Marian est une jeune femme des années soixante, en plein désarroi au moment où sa vie est censée basculer dans les engagements. Épouser Peter comme prévu ? Avoir des enfants en abandonnant son travail ? Incapable de savoir ce dont elle-même a envie, mais tétanisée par les attentes de la société à son égard, Marian se sent devenir folle.

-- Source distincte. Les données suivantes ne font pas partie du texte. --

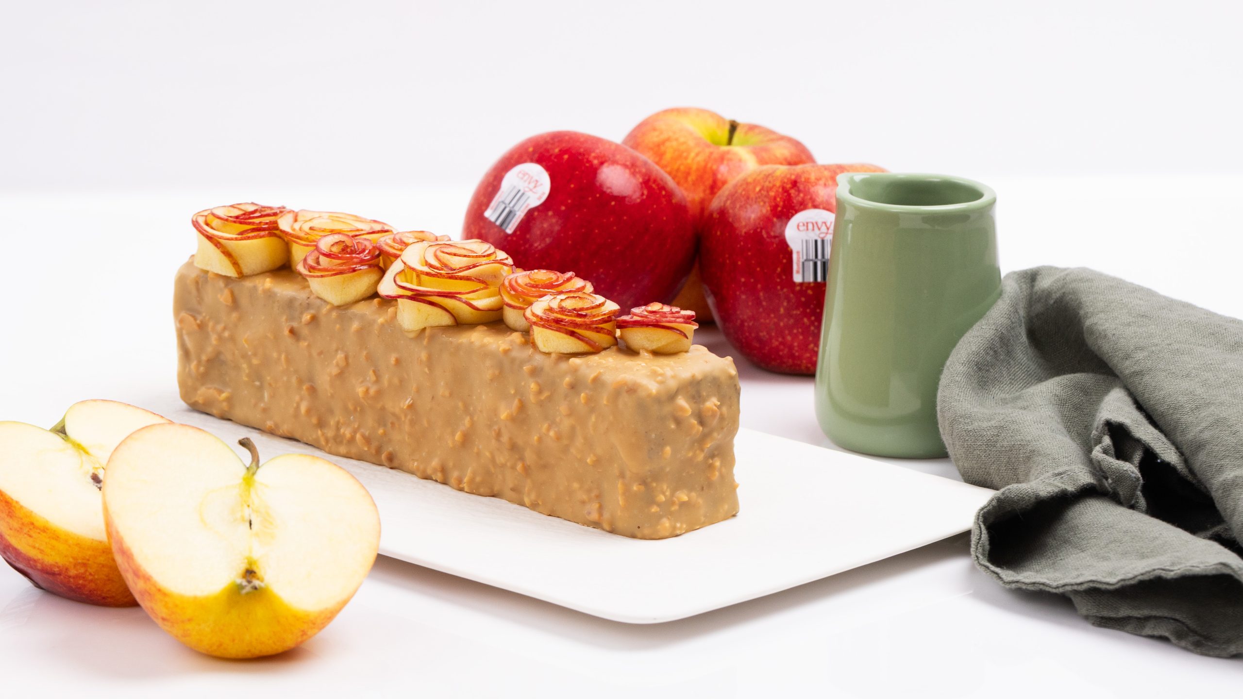 This beauty isn’t just your run-of-the-mill apple cake. It’s an envy™ apple and almond praline cake with a surprise hit of caramel, coated in a divine gold caramel chocolate and almond glaze. And to top it all off? Gorgeously crafted apple roses.
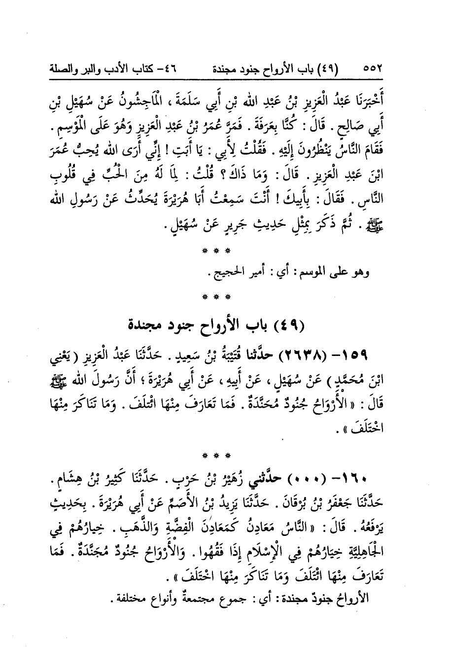 [2637] إِن الله إِذا أحب عبدا دَعَا جِبْرِيل الحَدِيث قَالَ الْعلمَاء محبَّة الله لعَبْدِهِ هِيَ إِرَادَته الْخَيْر لَهُ وهدايته وإنعامه عَلَيْهِ وَرَحمته وبغضه إِرَادَته عِقَابه وشقاوته وَنَحْوه وَحب جِبْرِيل وملائكة يحْتَمل وَجْهَيْن أَحدهمَا استغفارهم لَهُ وثناؤهم عَلَيْهِ ودعاؤهم وَالثَّانِي انه على ظَاهره الْمَعْرُوف من الْخلق وَهُوَ ميل الْقلب إِلَيْهِ واشتياقه إِلَى لِقَائِه وَسبب ذَلِك كَونه مُطيعًا لله محبوبا لَهُ وَمعنى يوضع لَهُ الْقبُول فِي الأَرْض الْحبّ فِي قُلُوب النَّاس ورضاهم عَنهُ وَهُوَ على الْمَوْسِم أَي أَمِير الحجيج

Terriblement oppressée par la société de consommation naissante, Marian (qui est d’ailleurs opératrice de marketing) se sent dévorée par le monde qui l’entoure, par son entourage, par son petit ami. Face à cet engloutissement, elle manifeste son conflit intérieur en cessant de consommer de la viande et des œufs.

Femme Comestible

Citations :

Elle baissa la tête vers son steak à moitié mangé et y vit subitement un gros paquet de muscles. Rouge sang. Appartenant à une vraie vache qui autrefois allait, venait et mangeait et qui avait été tuée, assommée d’un coup sur la tête (…). Bien sûr, ce n’était pas nouveau. Mais en général, on n’y pensait jamais. Dans les supermarchés, on vous proposait ça préemballé dans de la cellophane et flanqué d’étiquettes indiquant le nom et le prix de sorte que c’était juste comme si on achetait un pot de beurre de cacahuète, ou des haricots en conserve, et même quand on allait dans une boucherie, on vous empaquetait cette affaire si vite et si bien qu’elle vous avait l’air nette, réglementaire. (…) Elle posa fourchette et couteau. Elle devinait qu’elle était devenue assez blafarde et espérait que Peter ne s’en apercevrait pas. « C’est ridicule, se sermonna-t-elle, tout le monde mange du bœuf, c’est normal. »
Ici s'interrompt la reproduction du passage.